__REQUIREMENT__: Within the listing that follows, reproduce exactly the lines starting at the line with "Physical characteristics: The" and ending at the line with "雷軍發(fā)布公開信,稱小", inclusive, and only those. Pictures are dropped.

__DATA__:

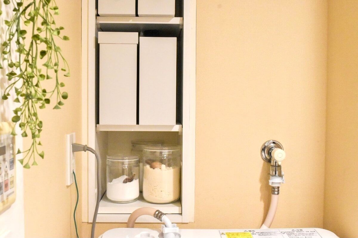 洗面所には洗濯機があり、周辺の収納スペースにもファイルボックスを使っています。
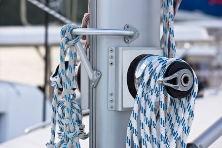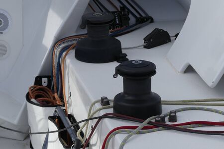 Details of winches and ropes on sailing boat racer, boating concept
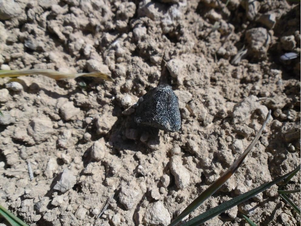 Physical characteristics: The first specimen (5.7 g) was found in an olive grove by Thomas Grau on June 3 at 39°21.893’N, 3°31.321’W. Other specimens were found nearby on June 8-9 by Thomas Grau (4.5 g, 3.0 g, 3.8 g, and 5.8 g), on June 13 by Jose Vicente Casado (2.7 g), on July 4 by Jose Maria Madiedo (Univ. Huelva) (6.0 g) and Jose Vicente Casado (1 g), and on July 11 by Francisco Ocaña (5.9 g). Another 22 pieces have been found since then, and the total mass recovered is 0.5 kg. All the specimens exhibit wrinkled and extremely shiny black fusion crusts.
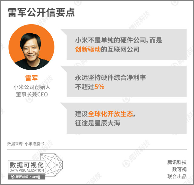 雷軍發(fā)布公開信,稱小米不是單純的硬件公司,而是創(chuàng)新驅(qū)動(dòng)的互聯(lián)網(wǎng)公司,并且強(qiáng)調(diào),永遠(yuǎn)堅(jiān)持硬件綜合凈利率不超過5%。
==
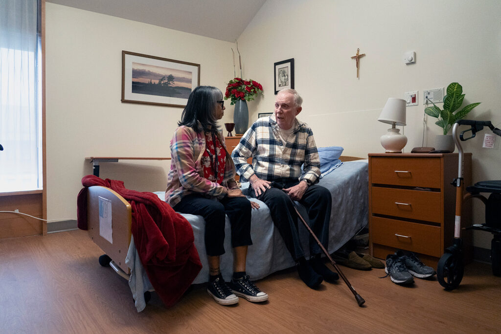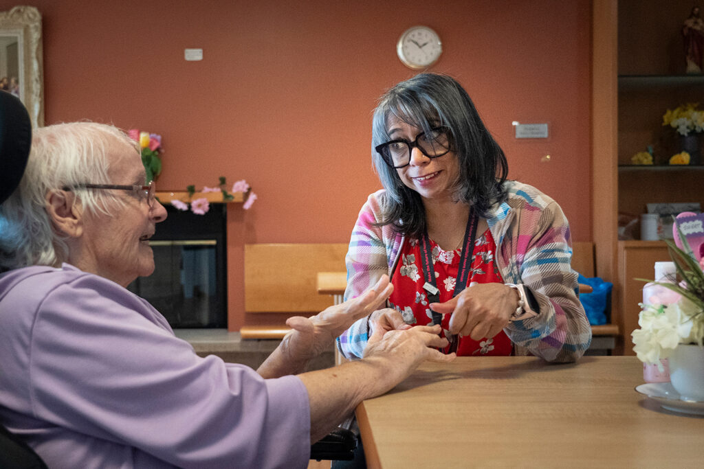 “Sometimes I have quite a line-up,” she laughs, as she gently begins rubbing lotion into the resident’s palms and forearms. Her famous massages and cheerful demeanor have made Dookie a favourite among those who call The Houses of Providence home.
* * *
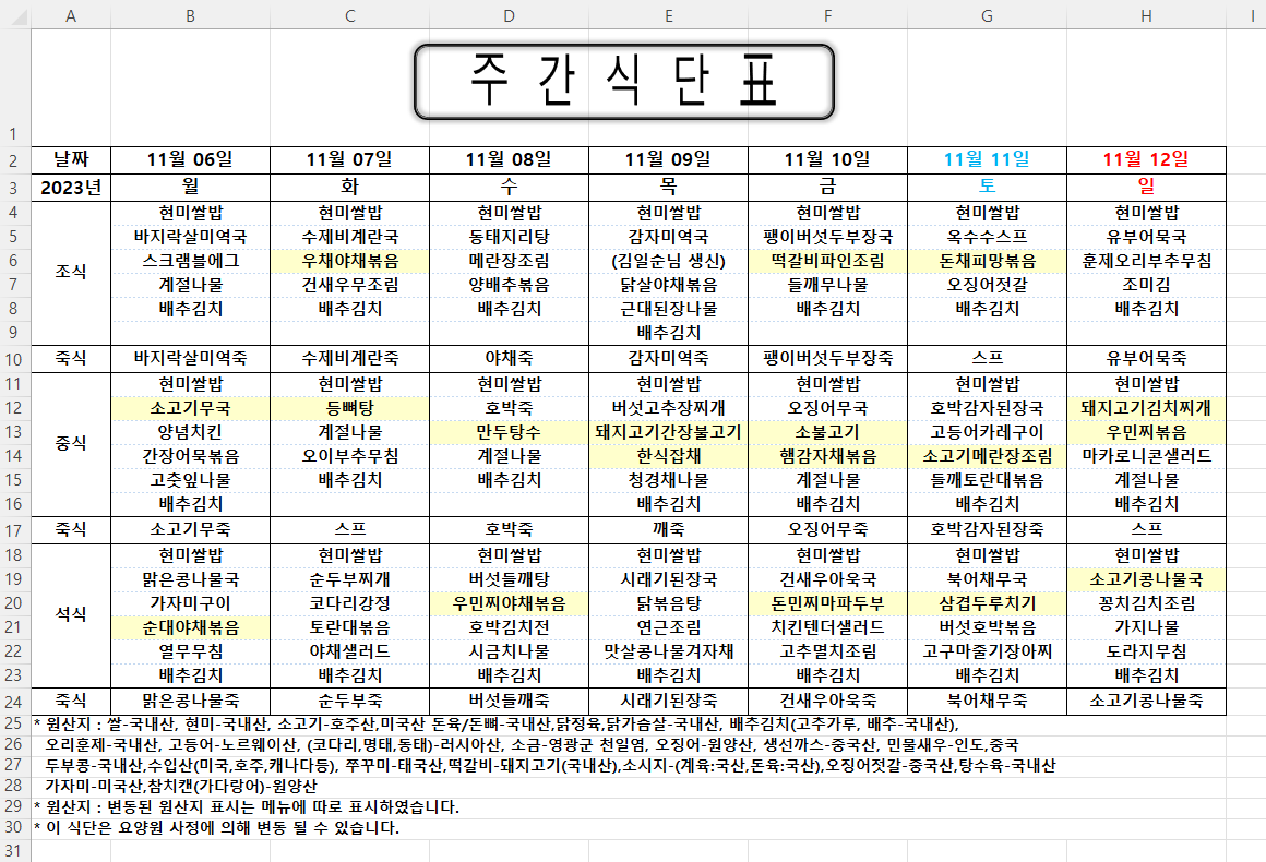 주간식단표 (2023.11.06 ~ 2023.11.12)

__FINISHED TASK__:
 Physical characteristics: The first specimen (5.7 g) was found in an olive grove by Thomas Grau on June 3 at 39°21.893’N, 3°31.321’W. Other specimens were found nearby on June 8-9 by Thomas Grau (4.5 g, 3.0 g, 3.8 g, and 5.8 g), on June 13 by Jose Vicente Casado (2.7 g), on July 4 by Jose Maria Madiedo (Univ. Huelva) (6.0 g) and Jose Vicente Casado (1 g), and on July 11 by Francisco Ocaña (5.9 g). Another 22 pieces have been found since then, and the total mass recovered is 0.5 kg. All the specimens exhibit wrinkled and extremely shiny black fusion crusts.
 雷軍發(fā)布公開信,稱小米不是單純的硬件公司,而是創(chuàng)新驅(qū)動(dòng)的互聯(lián)網(wǎng)公司,并且強(qiáng)調(diào),永遠(yuǎn)堅(jiān)持硬件綜合凈利率不超過5%。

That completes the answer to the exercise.